$335 million for the Allston Multimodal Project

This ~$2 billion project would reorganize highway, rail, and pedestrian infrastructure improving livability, connectivity, and open space for residents of the Allston neighborhood.


The Pike can see an average of 150,000 travelers daily east of the Allston interchange.

The Bay State will receive $335.4 million in federal funds for the proposed realignment of the Massachusetts Turnpike in Allston, aka the transportation alignment project called the Allston Multimodal Project.
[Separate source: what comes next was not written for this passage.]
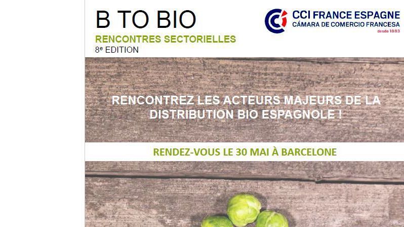 B to Bio est un événement incontournable permettant aux entreprises françaises, fabricants de produits bio (agro-alimentaires, cosmétiques, compléments alimentaires, aliments “sans”) de nouer des contacts avec des distributeurs/grossistes et enseignes espagnols intéressés pour élargir leur gamme bio.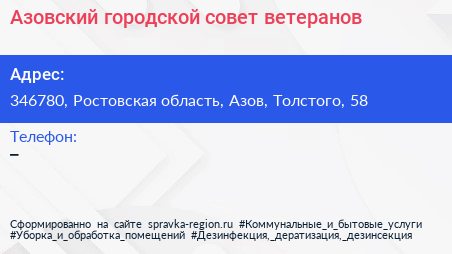 Азовский городской совет ветеранов по адресу 346780, Ростовская область, Азов, Толстого, 58 в дальнейшем Организация, размещена в следующих категориях:

Last year, BU, Harvard, and the City of Boston pledged $300 million toward the project. The state is still expected to pay for most of the nearly $2 billion estimated cost — moving the road work forward after a decade of planning + conversation.
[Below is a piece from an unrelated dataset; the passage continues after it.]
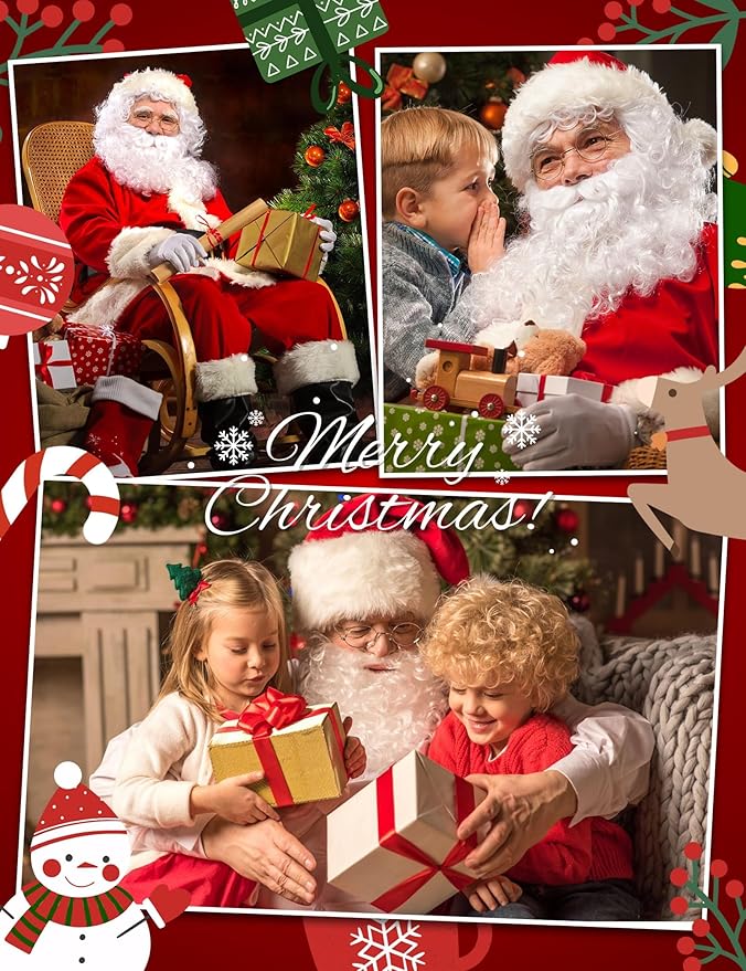 Costumul include pantaloni si sacou in nuante vibrante de alb si rosu, culorile traditionale ale Mosului, care evoca bucuria si caldura Craciunului. Centura lata adauga un accent distinctiv, in timp ce caciula moale si pufoasa iti confera un aer jucaus si plin de viata.

The massive reconfiguration will bring the eight elevated lanes of I-90 to ground level, next to Soldiers Field Road along the Charles River. The plan is to replace the aging viaduct between Cambridge Street and the BU Bridge, creating a straighter Pike at ground level while also shrinking down the ramps.

In addition to replacing the I-90 infrastructure, the proposal also includes construction of a MBTA West Station along the commuter rail’s Worcester Line, new waterfront access, a new bicycle and pedestrian bridge, and open up four acres of parks.
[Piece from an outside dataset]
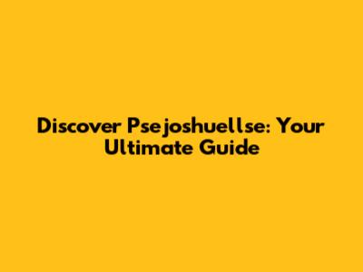 Discover Psejoshuellse: Your Ultimate Guide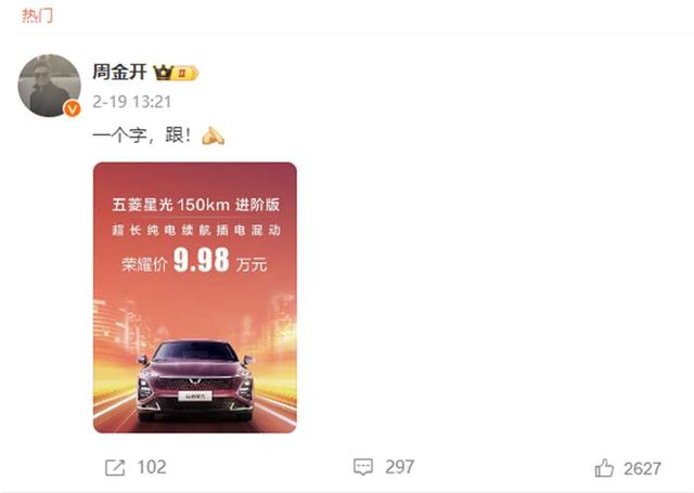 上汽通用五菱品牌事業(yè)部副總經理周钘在微博表示跟進降價

These improvements to I-90 and this area hope to ensure its efficient operation in the future.

Need an abridged version of these improvements? Here are some possibilities for the Commonwealth’s roadway network.

  • Improved livability, connectivity, and open space for residents of the Allston neighborhood.
  • Improved regional mobility and roadway safety with the straightening of I-90.
  • Replacing the aging Allston Viaduct.
  • Creating a new open space along the Charles River.
  • Enhanced bicycle and pedestrian connections.
  • Significant transit enhancements with the new West Station and Commuter Rail layover facility.
  • Removing the elevated bridge structure allows for an improved gateway into the city and enhanced neighborhood views.
  • Allows for pedestrian + bicycle connection from Agganis Way to Charles River.

The decades long project is currently engaged in the federal environmental permitting process. Mass DOT expects this work to continue into 2024.